Task objective. Once you reach the line with "Επίσης ευχαρίστησε τον" in the material below, copy each line exactly up to and including the line with "- Krátka poznámka", and skip the pictures.

The input.
━━━

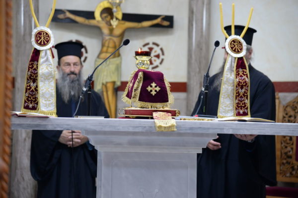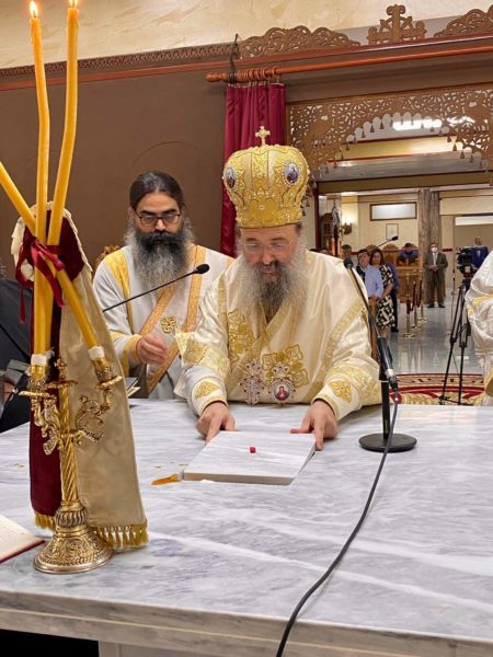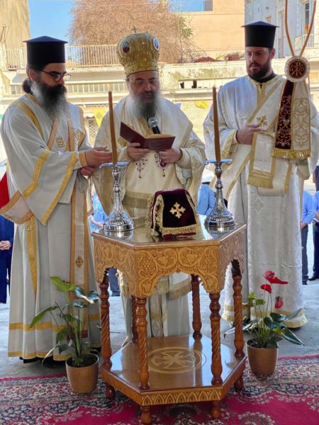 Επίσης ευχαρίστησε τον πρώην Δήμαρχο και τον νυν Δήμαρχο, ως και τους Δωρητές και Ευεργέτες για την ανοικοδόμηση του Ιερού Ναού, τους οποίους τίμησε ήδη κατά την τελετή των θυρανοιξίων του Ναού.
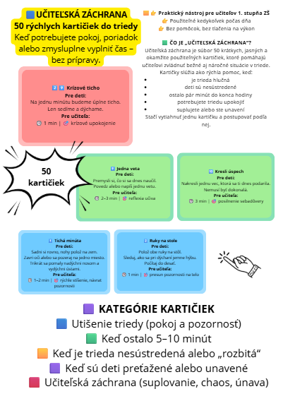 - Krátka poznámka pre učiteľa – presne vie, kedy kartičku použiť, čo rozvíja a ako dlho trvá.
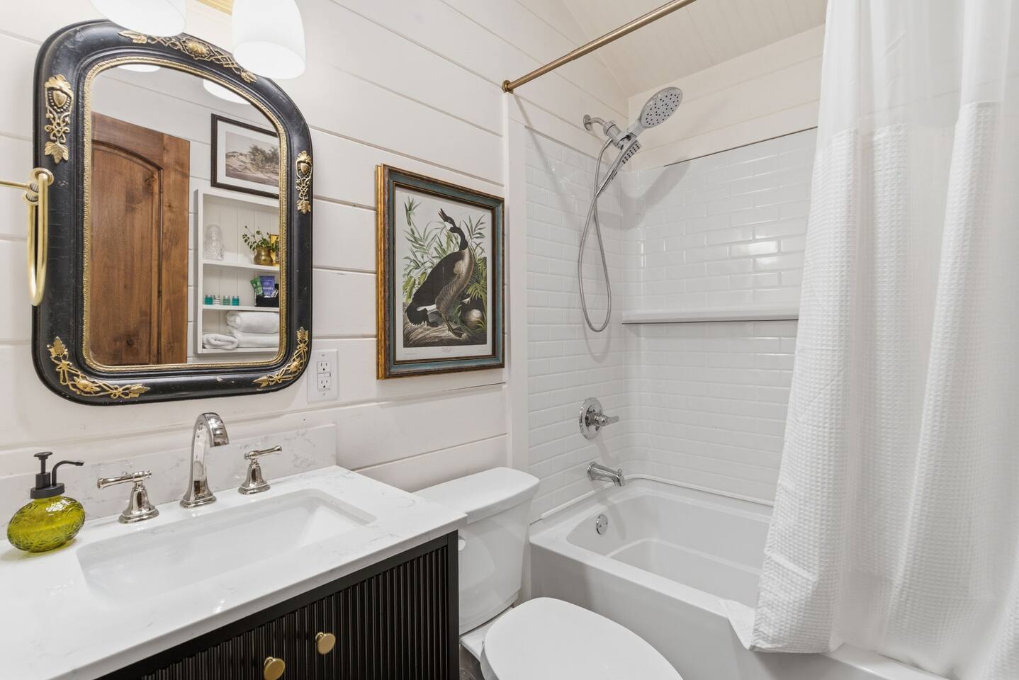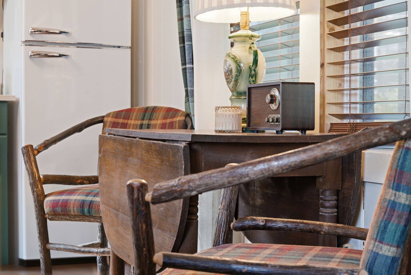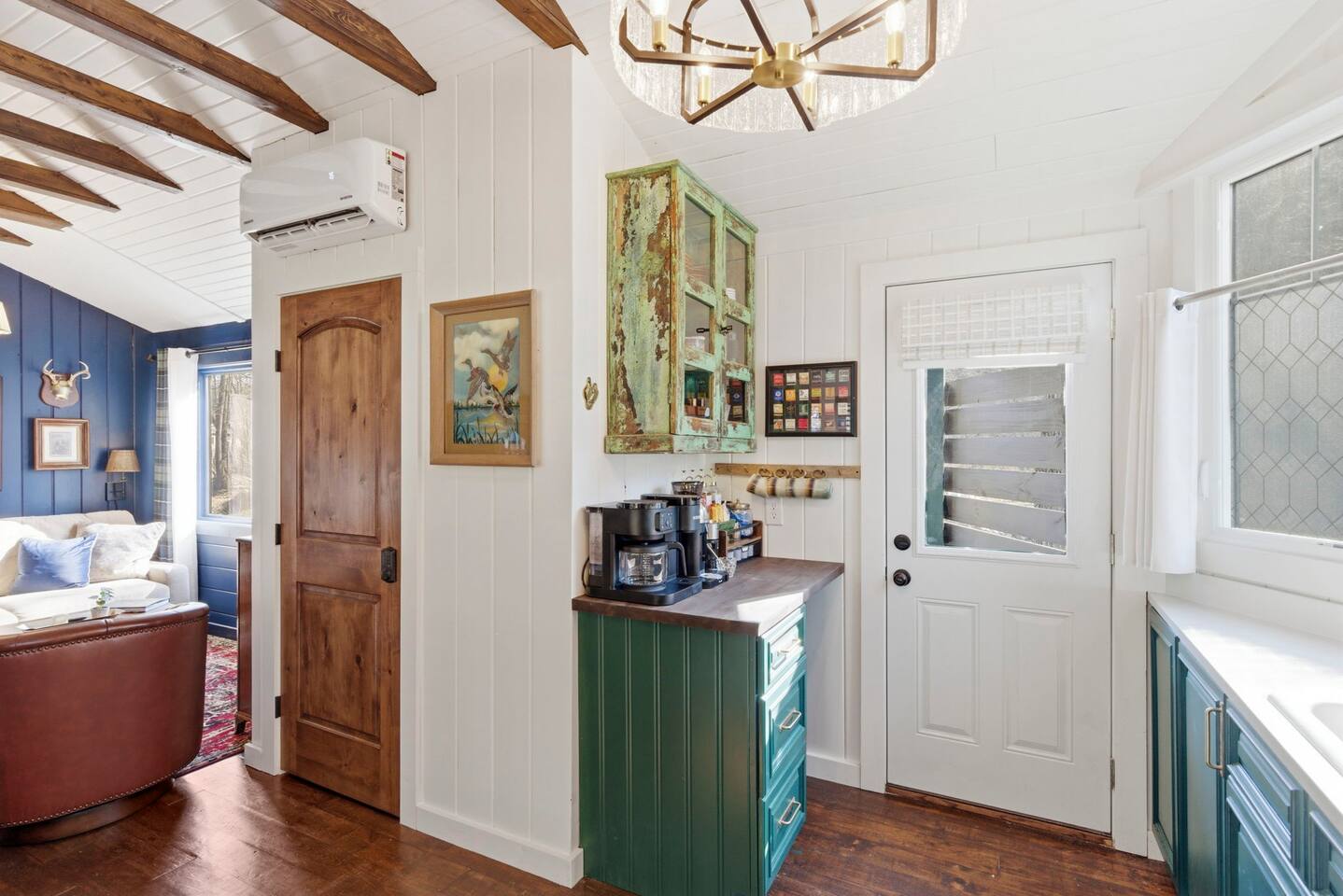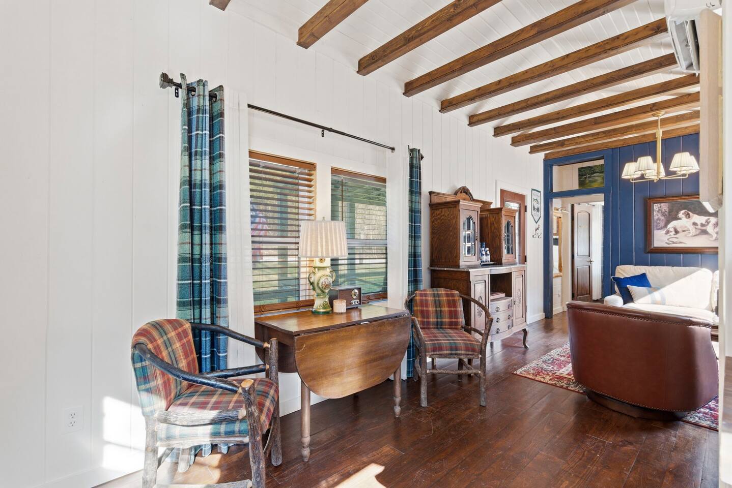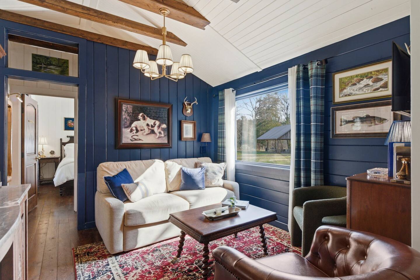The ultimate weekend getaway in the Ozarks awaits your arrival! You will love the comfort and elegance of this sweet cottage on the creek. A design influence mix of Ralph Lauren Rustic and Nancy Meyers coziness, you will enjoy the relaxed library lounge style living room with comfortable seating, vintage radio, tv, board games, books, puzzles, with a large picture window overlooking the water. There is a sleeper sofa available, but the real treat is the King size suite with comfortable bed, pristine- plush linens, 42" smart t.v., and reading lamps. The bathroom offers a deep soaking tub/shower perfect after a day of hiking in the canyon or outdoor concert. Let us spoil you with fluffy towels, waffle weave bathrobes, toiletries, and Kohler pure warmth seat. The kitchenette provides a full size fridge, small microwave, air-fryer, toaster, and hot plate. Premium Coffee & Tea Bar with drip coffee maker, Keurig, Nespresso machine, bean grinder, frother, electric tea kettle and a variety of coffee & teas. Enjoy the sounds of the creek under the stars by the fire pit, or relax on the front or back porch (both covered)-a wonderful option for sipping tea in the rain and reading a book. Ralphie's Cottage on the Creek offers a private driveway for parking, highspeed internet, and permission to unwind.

━━━

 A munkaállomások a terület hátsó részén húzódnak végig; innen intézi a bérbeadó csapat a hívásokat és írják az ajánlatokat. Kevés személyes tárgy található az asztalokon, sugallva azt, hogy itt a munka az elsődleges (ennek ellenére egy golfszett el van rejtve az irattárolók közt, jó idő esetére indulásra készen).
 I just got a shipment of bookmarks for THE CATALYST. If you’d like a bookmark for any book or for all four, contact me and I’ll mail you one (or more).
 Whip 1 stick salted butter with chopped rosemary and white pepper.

━━━

Output for this task.
 Επίσης ευχαρίστησε τον πρώην Δήμαρχο και τον νυν Δήμαρχο, ως και τους Δωρητές και Ευεργέτες για την ανοικοδόμηση του Ιερού Ναού, τους οποίους τίμησε ήδη κατά την τελετή των θυρανοιξίων του Ναού.
 - Krátka poznámka pre učiteľa – presne vie, kedy kartičku použiť, čo rozvíja a ako dlho trvá.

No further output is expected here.